━━ MATERIALS PROVIDED ━━

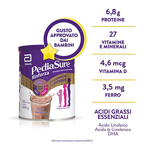Pediasure – Integratore per Bambini con Vitamine, Minerali, Proteine | per Difese Immunitarie, Inappetenza, Concentrazione | Confezione 850g | Gusto Cioccolato
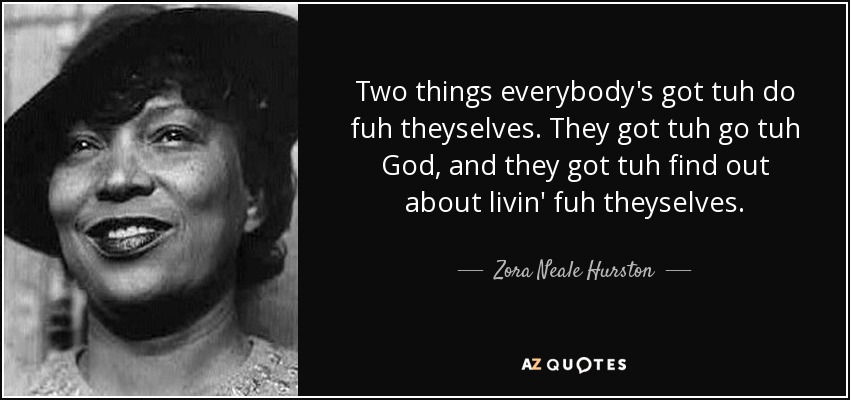 Zora Neale Hurston, Alice Walker (1979). “I Love Myself when I Am Laughing ... and Then Again when I Am Looking Mean and Impressive: A Zora Neale Hurston Reader”, p.165, Feminist Press at CUNY
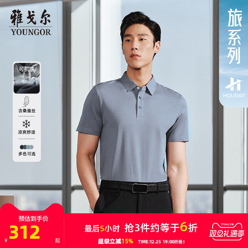 【可机洗桑蚕丝+羊毛】雅戈尔夏季男士短袖POLO衫商务休闲翻领T恤
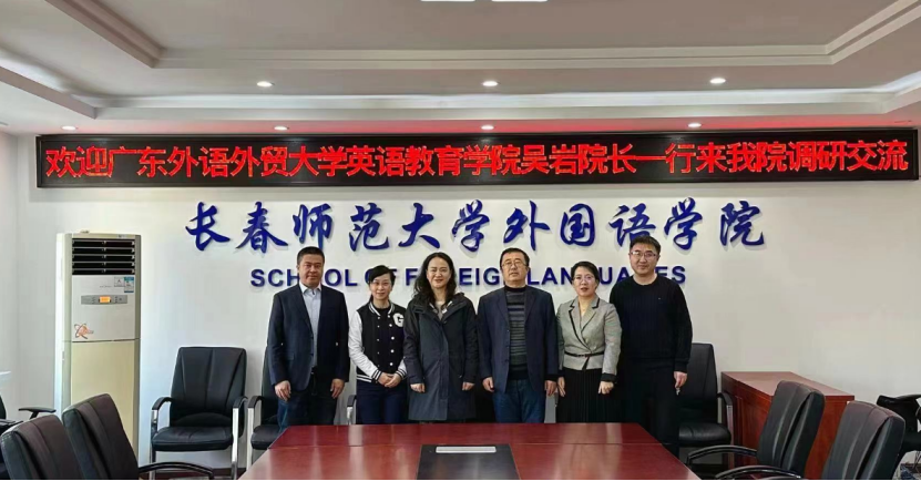 次日,吴岩和李惠胤来到长春师范大学外国语学院开展调研。长春师范大学外国语学院的李书记、苗宁副院长、焦旸副院长及高维亮副院长参与本次活动。会上,苗宁介绍了长春师范大学外国语学院的发展历史及建设成果;焦旸分享了研究生及国际交流工作;高维亮讲解了大学英语教学方面的改革工作。我院吴岩对该学院的师范人才的培养及小语种建设给予肯定。
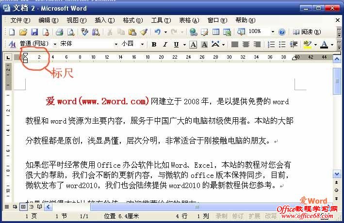 二、标尺 1、在页面的上边有一个标尺,上面显示了页面的缩进情况,利用它可以快速定位缩进量。如图四。
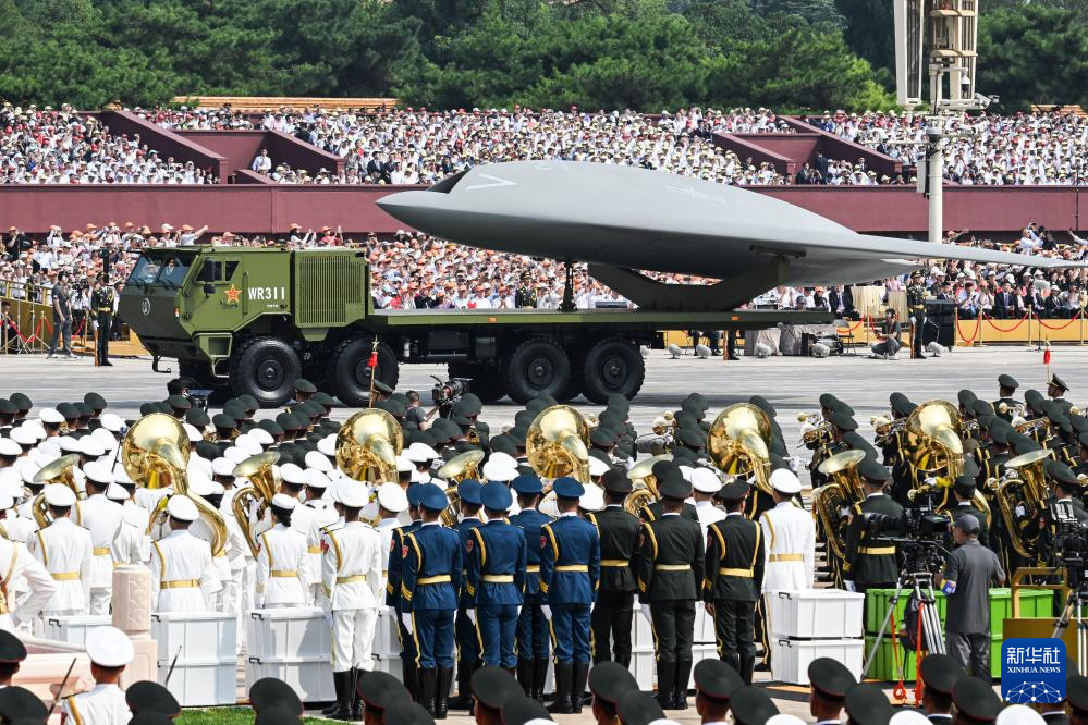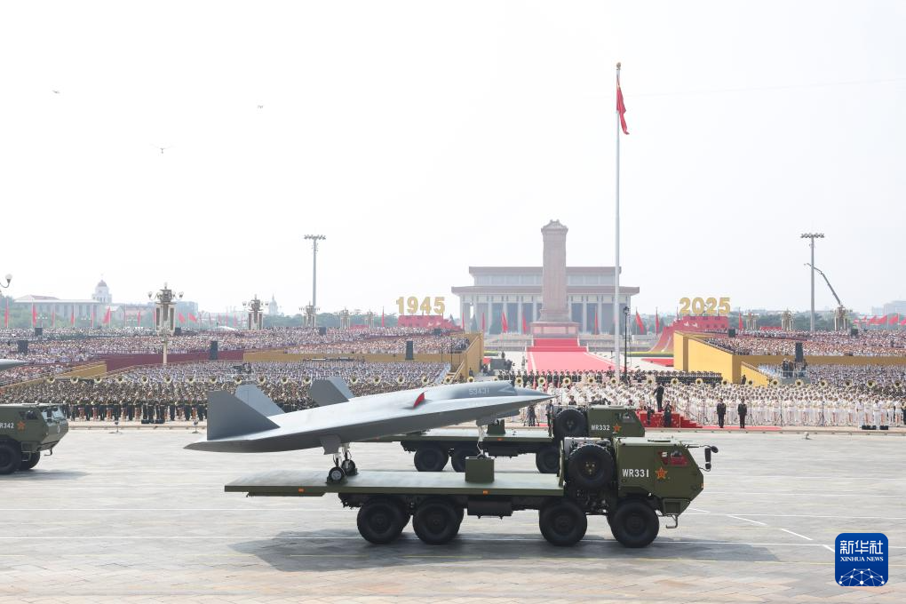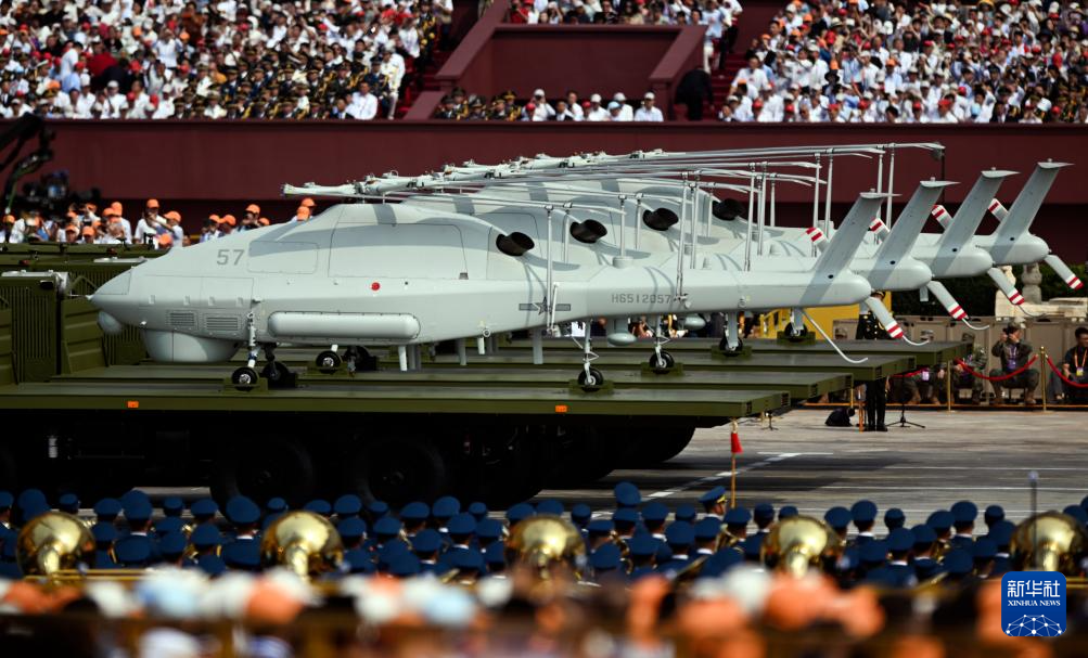9月3日,纪念中国人民抗日战争暨世界反法西斯战争胜利80周年大会在北京隆重举行。这是空中无人作战方队接受检阅。
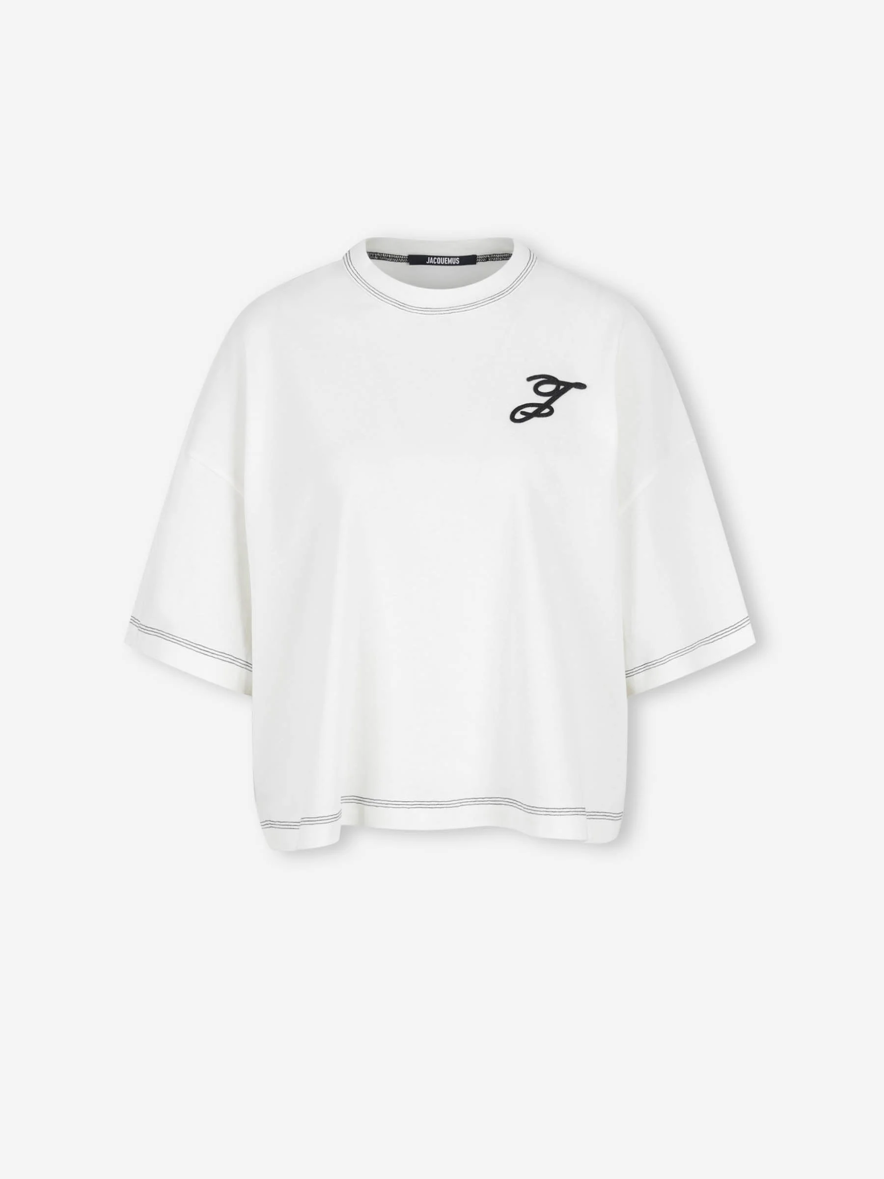 SKU: 782-001863 01 BRAND ID: TSW00580AJ00226 T-shirt By Jacquemus • Oversized • Made from cotton fabric • Graphic motif of the brand embroidered on the chest • Short sleeve • Contrasting stitching • Round neck • Composition: 100% cotton • Made in: Portugal
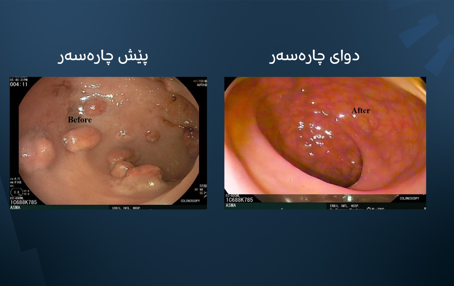 ئەمەی خوارەوە هەناوبینیی کۆڵۆنی ئەو خانمە 30 ساڵەیە کە تووشی دروستبوونی گرێی کۆڵۆن لە دوای چاندنی گورچیلە بوو، چارەسەری پێدراو و چاک بووەتەوە.
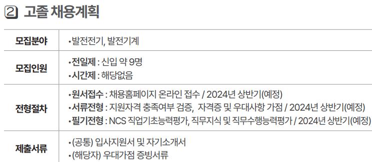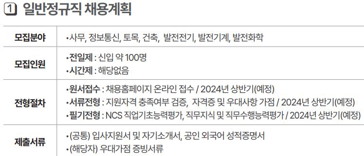 1. 모집분야 : 사무직, 정보통신, 토목직, 건축, 발전전기, 기계, 화학직.
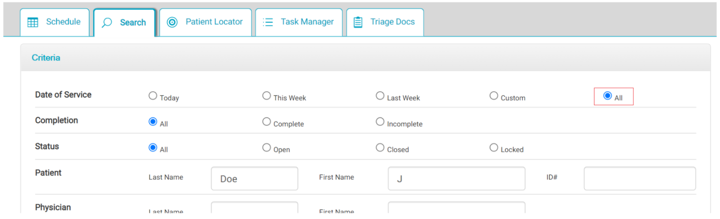 • To search for a patient's charts for ALL dates of service, enter the Patient ID or the first three letters of their last name and at least the first letter of their first name; then an "All" radio button will appear as a Date of Service option.

━━━

- **EXERCISE DETAILS**
Set the pictures aside and transcribe exactly the stretch of lines above, beginning with the one holding "9月3日,纪念中国人民抗日战" and ending with the one holding "1. 모집분야 : 사무직, 정보통신, 토목직, 건축, 발전전기, 기계, 화학직.".

- **SOLUTION FOR THIS PROBLEM**
9月3日,纪念中国人民抗日战争暨世界反法西斯战争胜利80周年大会在北京隆重举行。这是空中无人作战方队接受检阅。
 SKU: 782-001863 01 BRAND ID: TSW00580AJ00226 T-shirt By Jacquemus • Oversized • Made from cotton fabric • Graphic motif of the brand embroidered on the chest • Short sleeve • Contrasting stitching • Round neck • Composition: 100% cotton • Made in: Portugal
 ئەمەی خوارەوە هەناوبینیی کۆڵۆنی ئەو خانمە 30 ساڵەیە کە تووشی دروستبوونی گرێی کۆڵۆن لە دوای چاندنی گورچیلە بوو، چارەسەری پێدراو و چاک بووەتەوە.
 1. 모집분야 : 사무직, 정보통신, 토목직, 건축, 발전전기, 기계, 화학직.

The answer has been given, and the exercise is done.